Google Dropped Its Agent Framework Into Your Android Phone. Here Is What Actually Works.
Who controls the AI agent on your phone? Google is making its answer easier to build: 140 million Android devices can now run AI agents that process sensitive data entirely on-device, without routing it through a server. The framework landed Wednesday: ADK for Kotlin and ADK for Android, version 0.1.0, the first experimental release of Google's open-source Agent Development Kit for mobile and edge devices.
The headline number holds up. Gemini Nano, the on-device model that powers the Android library, is available on over 140 million devices, according to Google's developer blog. The rest of the announcement is thinner than the number suggests.
The Kotlin ADK library and its Android-specific sibling are now live on Maven Central as version 0.1.0 packages. The GitHub repository exists and the code is accessible. Google describes this release as its "first experimental version," with the library currently supporting default agents for ML Kit GenAI APIs and direct connections to Gemini in the Cloud. The project's own README makes the status explicit: Pre-GA features are "available as is" with "limited support."
That is Google's language, not a journalist's gloss.

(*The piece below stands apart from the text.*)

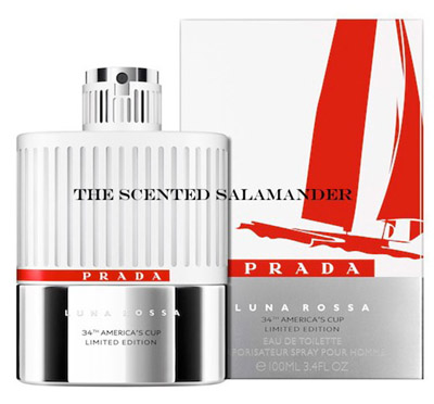 Rossa隊的努力,Prada發(fā)行了紀念34屆美洲杯的珍藏版。瓶身下方與噴頭描出平行的線條,代表著AC72對稱的船型;白色豎紋則代表40公尺高的帆。紅色裝飾突顯了運動感,但依然忠于品牌崇高與性感的特有標志。外盒設計加上了Luna

The announcement centers on a pattern called hybrid orchestration: a cloud-based model acts as the primary reasoning engine, while specific tasks delegate to sub-agents running fully on-device. In the demo Google showed at its I/O conference, that means a travel assistant that keeps the root reasoning in the cloud but verifies booking confirmations locally, parsing documents through an on-device Gemini Nano model that never routes user data to a server.
The privacy claim is real but bounded. The root orchestrator is in the cloud. Only the sub-agent layer runs on-device. For a trip assistant reading locally stored booking confirmations, that distinction may not matter much to most users. For a medical scheduling app, it matters: the cloud never sees the doctor's name or the appointment time, but it sees that you scheduled something, and when, and for how long. Session metadata exposes patterns even when the content stays local.
The control chain is worth tracing. Google provides ADK and the cloud-based root orchestrator. Device makers provide AICore, the on-device runtime that actually executes the model. App developers build on Google's framework. Users generate the data. Each layer controls a different slice of the stack, and none of them fully owns the session. That gap is where the competitive question lives.
The 140 million device figure deserves scrutiny. Gemini Nano availability requires the "plus" variant of the model, which has more demanding memory and compute requirements. Google has characterized the qualifying hardware as Pixel 8 and newer, and Samsung's Galaxy S24 series, but the blog post does not name specific devices or OS version门槛s. The 140 million likely represents devices that can run it under optimal conditions, not the full Android fleet in circulation.
No production deployments are named in the announcement. No enterprise customers, no case studies, no performance benchmarks. The I/O demo is a trip assistant.
Apple has been building on-device AI into iOS through its Neural Engine for several generations. Qualcomm's Snapdragon chips include dedicated AI inference hardware across a wide device range. Samsung's Galaxy S series ships with its own on-device model. Google's ADK is not the only on-device AI game in town. The difference is that Google is attempting a cross-OEM play: ADK abstracts the device-level runtime so developers write once and the framework routes to whatever on-device silicon is present. Apple and Samsung own their own stacks end-to-end, which makes for tighter integration but narrower reach. Whether ADK's abstraction layer actually works across fragmented Android hardware is the open question.
Google describes the announcement as following recent 1.0.0 releases of ADK for Java and Go, and a beta of ADK for Python 2.0. The Kotlin and Android versions are the new additions, both at 0.1.0.
For developers, the practical value proposition is genuine: a structured way to define multi-agent workflows that route between cloud and device depending on task sensitivity, with session state and memory management handled by the framework. For enterprises, the Pre-GA status and the absence of evaluation tooling, observability features, or SLA guarantees means this is not production-ready infrastructure. Google's own documentation acknowledges that.
What Google announced this week is the beginning of the developer tooling layer for 140 million devices. Whether that layer matures into production infrastructure or remains an I/O demo is the question worth watching.